**TASK DIRECTIONS:**
Copy out the records in full, word for word, without pictures.

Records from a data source
━━━

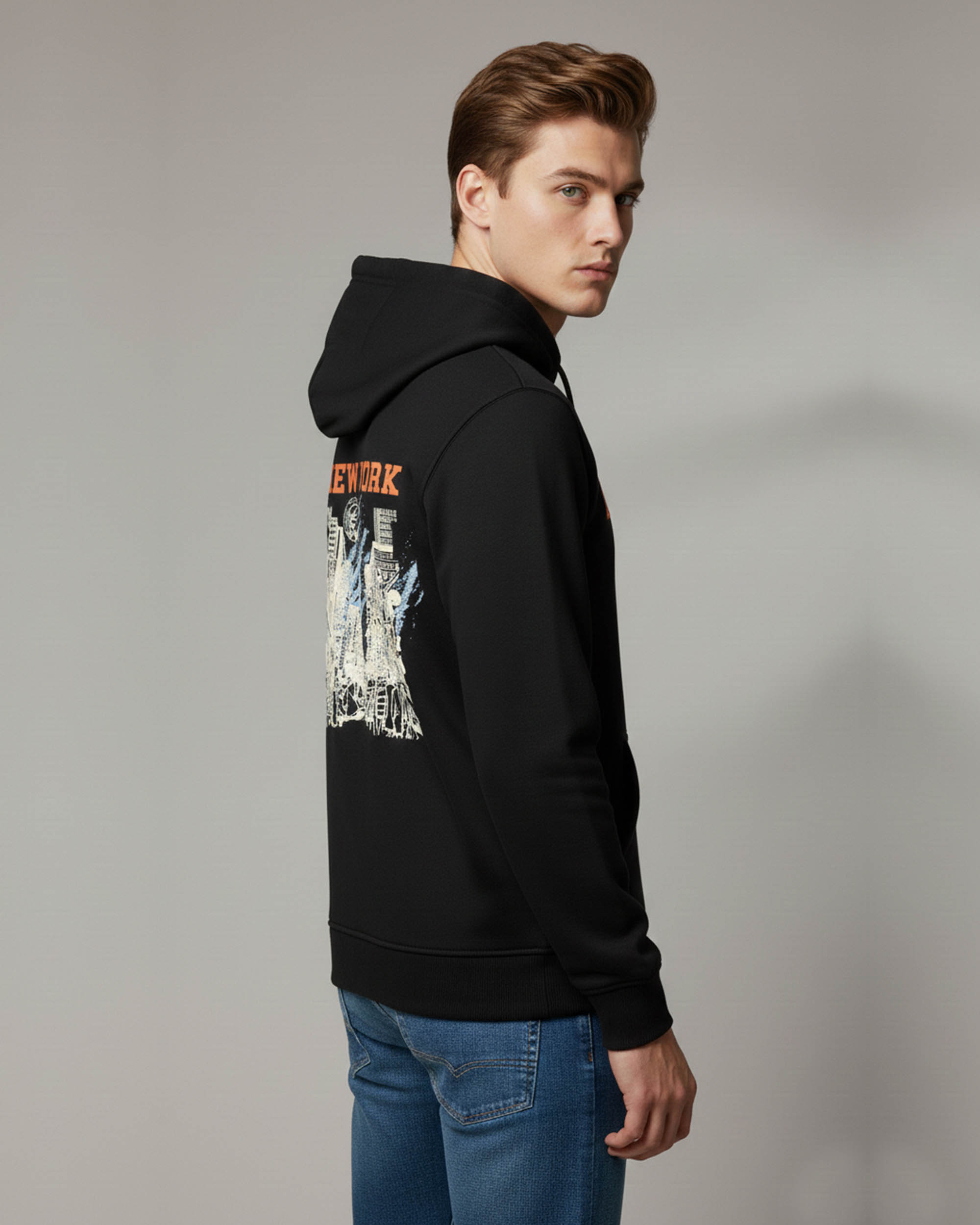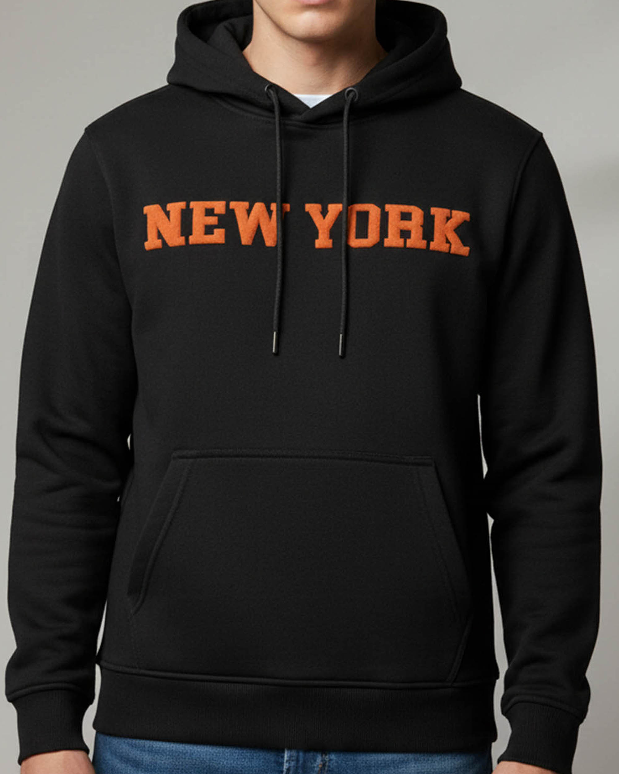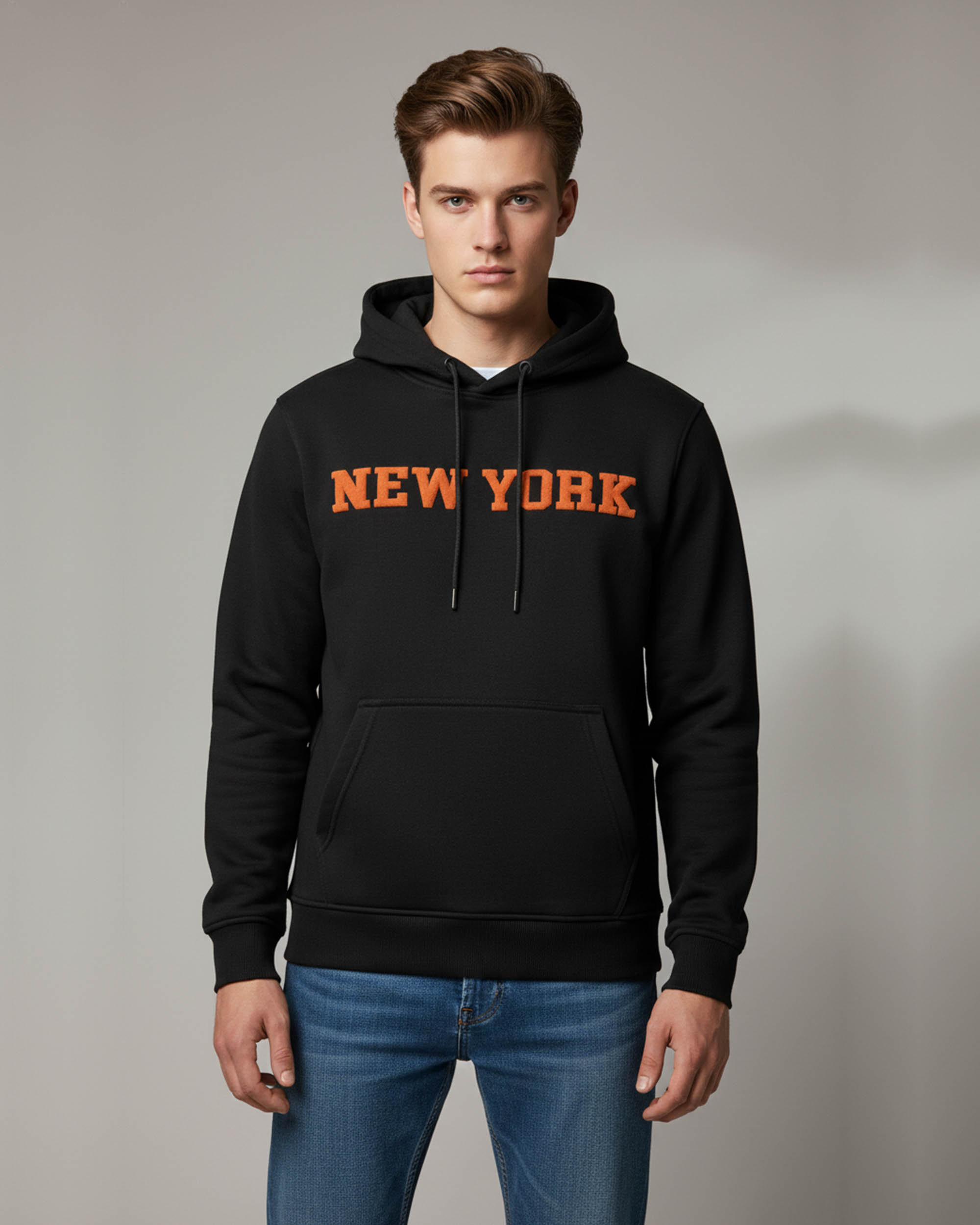 Stay stylish and comfortable with this Men’s Black Printed Hooded Sweatshirt featuring a bold “NEW YORK” chest print. Crafted from a soft cotton-blend fabric, this hoodie offers warmth without heaviness. The adjustable drawstring hood and kangaroo pocket add functionality, making it perfect for winter wear, casual outings, travel, or streetwear looks. Pair it with jeans or joggers for an effortless urban style.
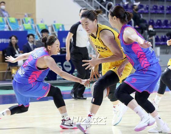 삼성생명 2021-22 여자프로농구 공식개막전 삼성생명과 KB스타즈의 경기가 24일 오후 용인 실내체육관에서 열렸다. KB 박지수가 골밑을 파고 들다 공을 뺏기고있다.
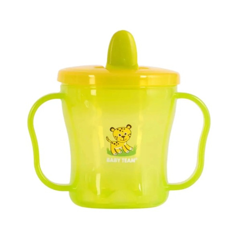 BABY TEAM Поїльник допомагає Вашій дитині комфортно та безпечно перейти від годування з пляшечки до чашки. Має зручні ручки та герметичну кришку з носиком, що складається.Можна використовувати в мікрохвильовій печі, стерилізувати та мити в посудомийній машині (верхній рівень). Поїльники Baby team виготовлені з високоякісних і безпечних матеріалів, а також не містять шкідливих речовин та Бісфенол А.
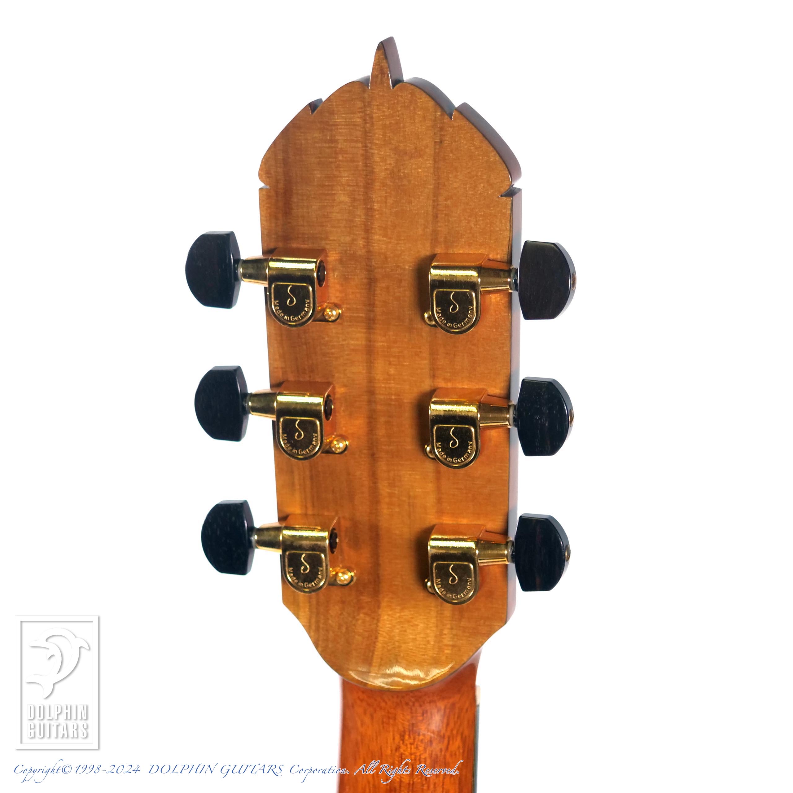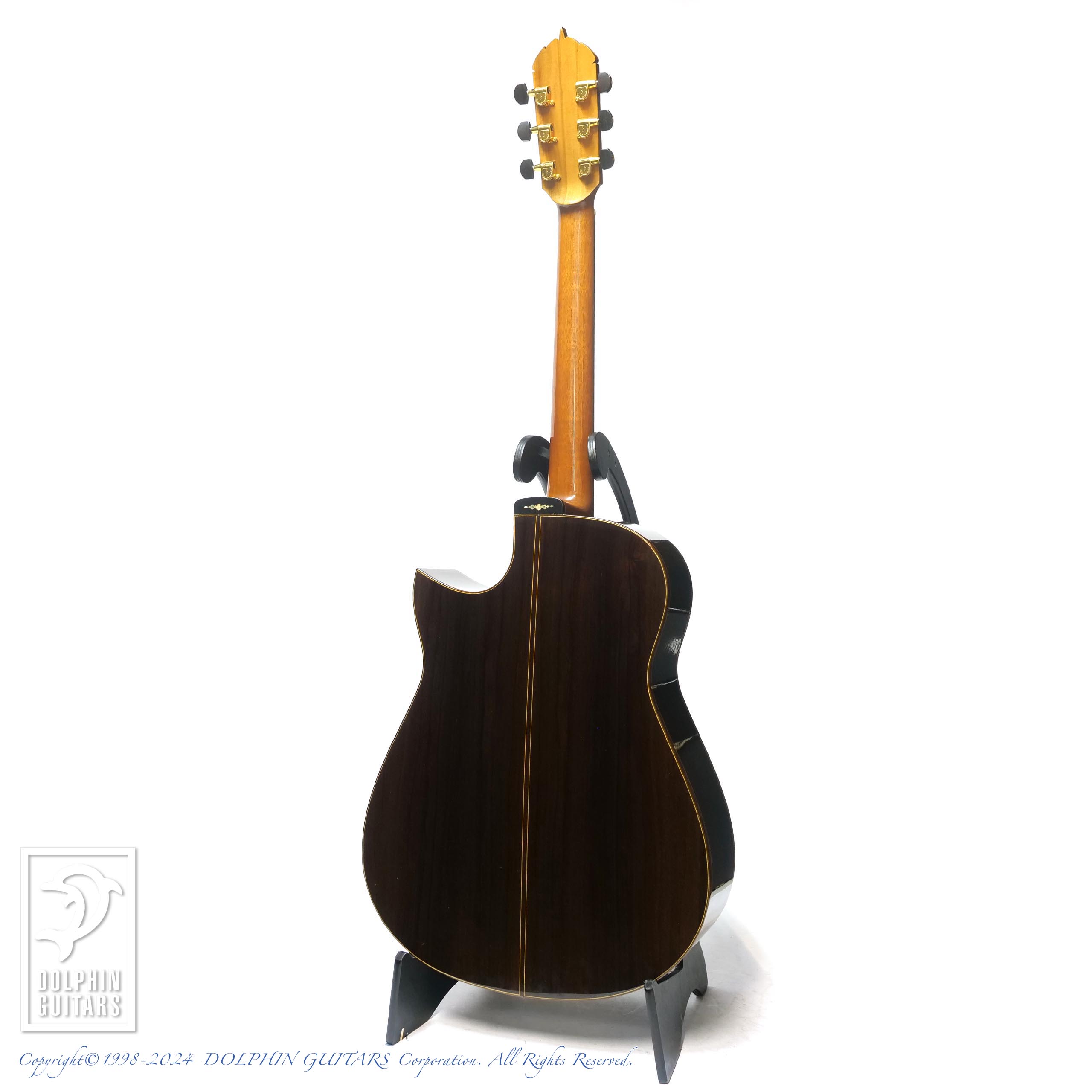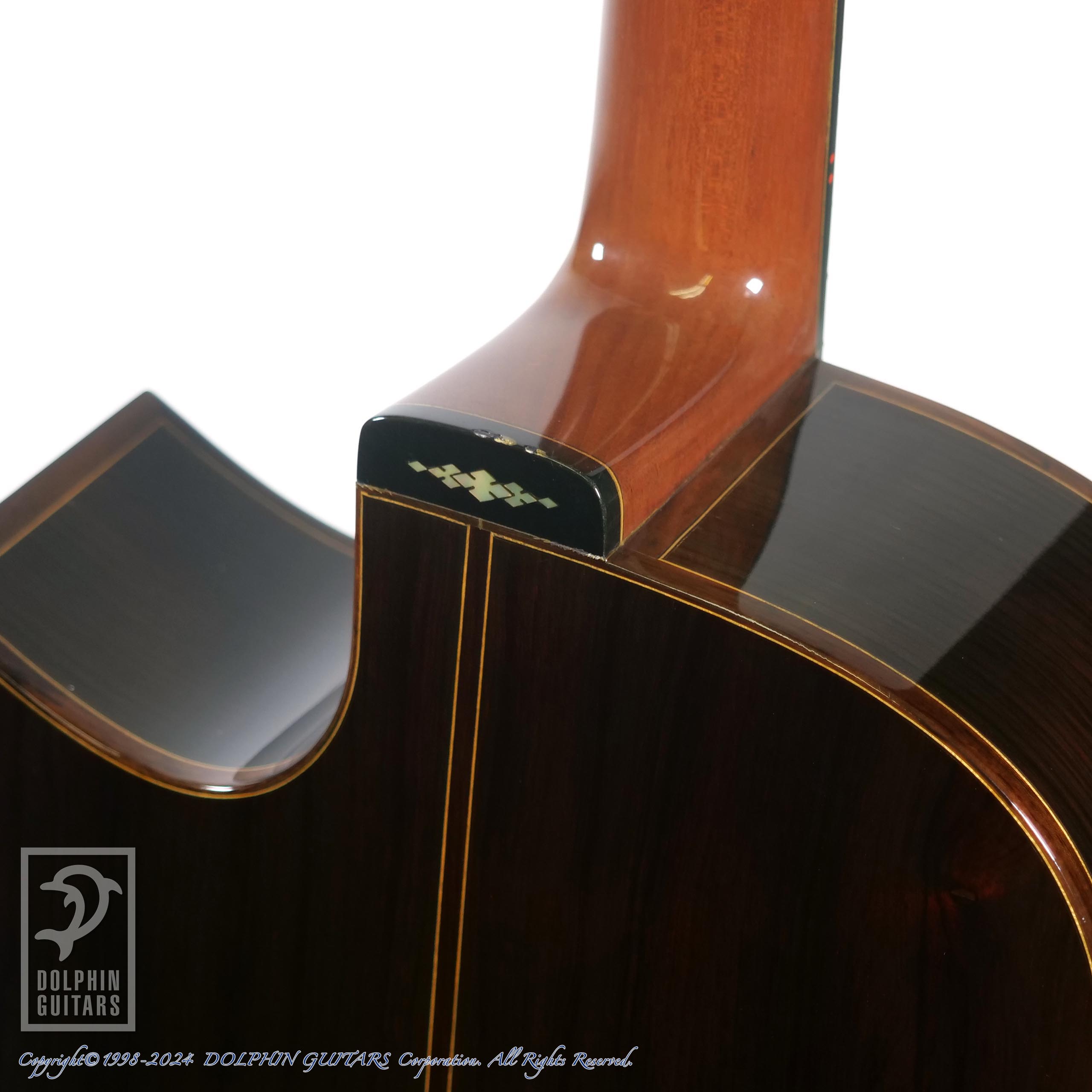 モディファイカッタウェイに目の整った美しいハカランダ、ソモギの特徴でもあるフィンガーボードのライナーインレイの美しさなど、もはや工芸品の域に達した仕上がりは演奏家はもちろんコレクターをも魅了します。ラベルに押された”想茂木作”の印鑑も芸術性を高めているデティールと言えるでしょう。
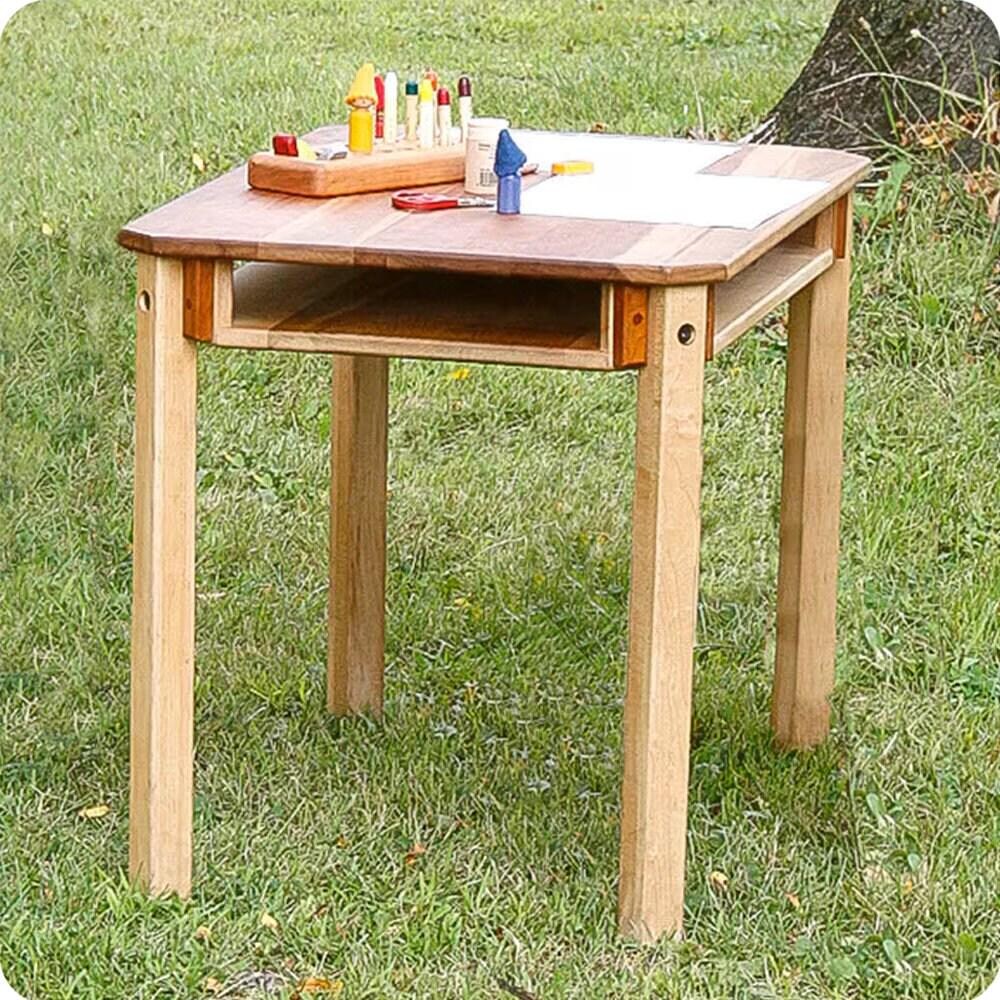 Our Children’s Hardwood Farmhouse Table and Chair Set will be your children’s favorite place to paint, color, craft and snack. And we’ve included a shelf so that paper and crayons can be tucked away!

━━━

**TASK OUTPUT:**
 Stay stylish and comfortable with this Men’s Black Printed Hooded Sweatshirt featuring a bold “NEW YORK” chest print. Crafted from a soft cotton-blend fabric, this hoodie offers warmth without heaviness. The adjustable drawstring hood and kangaroo pocket add functionality, making it perfect for winter wear, casual outings, travel, or streetwear looks. Pair it with jeans or joggers for an effortless urban style.
 삼성생명 2021-22 여자프로농구 공식개막전 삼성생명과 KB스타즈의 경기가 24일 오후 용인 실내체육관에서 열렸다. KB 박지수가 골밑을 파고 들다 공을 뺏기고있다.
 BABY TEAM Поїльник допомагає Вашій дитині комфортно та безпечно перейти від годування з пляшечки до чашки. Має зручні ручки та герметичну кришку з носиком, що складається.Можна використовувати в мікрохвильовій печі, стерилізувати та мити в посудомийній машині (верхній рівень). Поїльники Baby team виготовлені з високоякісних і безпечних матеріалів, а також не містять шкідливих речовин та Бісфенол А.
 モディファイカッタウェイに目の整った美しいハカランダ、ソモギの特徴でもあるフィンガーボードのライナーインレイの美しさなど、もはや工芸品の域に達した仕上がりは演奏家はもちろんコレクターをも魅了します。ラベルに押された”想茂木作”の印鑑も芸術性を高めているデティールと言えるでしょう。
 Our Children’s Hardwood Farmhouse Table and Chair Set will be your children’s favorite place to paint, color, craft and snack. And we’ve included a shelf so that paper and crayons can be tucked away!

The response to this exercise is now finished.